21 Jan Are the Israeli Settlements “War Crimes”?
I realize that discussing the international law aspects of the Israeli-Palestinian dispute is not exactly a new and fresh topic likely to inspire thoughtful and reasonable thinking, and yet I was struck by the aggressive tone of this NYT editorial from a representative of the Palestinian Authority.
It is universally recognized that Israeli settlements are illegal under international law, and that without a full cessation of all settlement activity, Palestinian-Israeli negotiations and the two-state solution are both doomed. In spite of the dilution of American public statements, the United States still recognizes settlements as illegal. Not only are they a violation of the Fourth Geneva Convention; under the Rome Statute, they are considered a war crime.

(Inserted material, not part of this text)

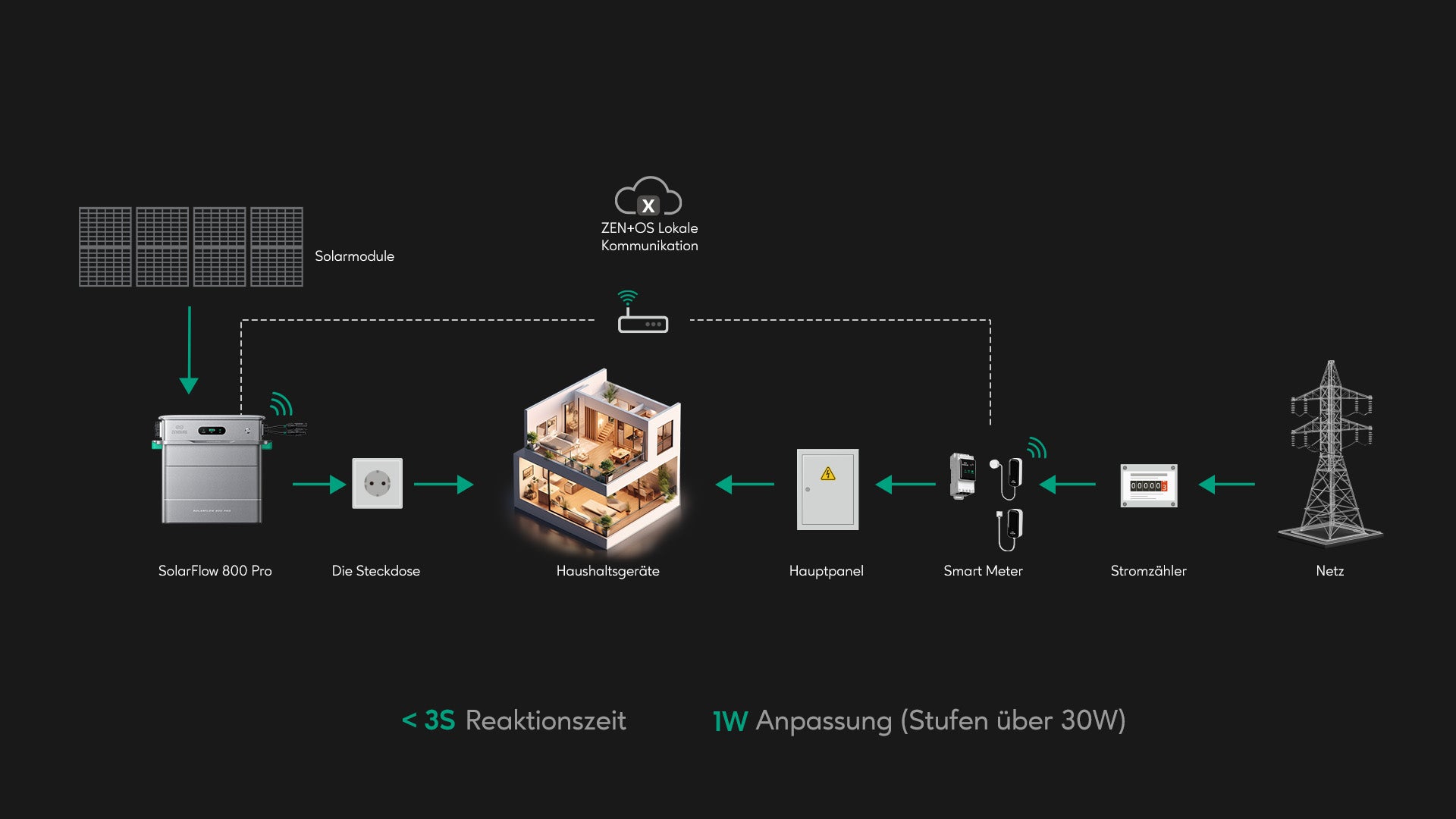 ZEN+ OS ist in den SolarFlow 800 Pro und viele smarte Geräte integriert und gibt dir die volle Kontrolle über deinen Energiehaushalt. Profitiere von blitzschnellen Reaktionen, absoluter Zuverlässigkeit – auch ohne Internet – und einem präzisen Energiemanagement, das Verluste minimiert.

Where to start? It is “universally recognized” that settlements are illegal? Really? Even in Israel, or in certain majorities of the U.S. Congress? More surprisingly, I didn’t realize that the “settlements” themselves constitute a violation of the Rome Statute? Settlements are war crimes or crimes against humanity? I sort of understand this argument, but does any one think this argument is self-evident or even highly persuasive?
I realize this excerpt is a political claim, not a legal one. But it is a good example of how certain types of international conflicts actually undermine whatever integrity and usefulness international law might have in shaping the analysis of those conflicts.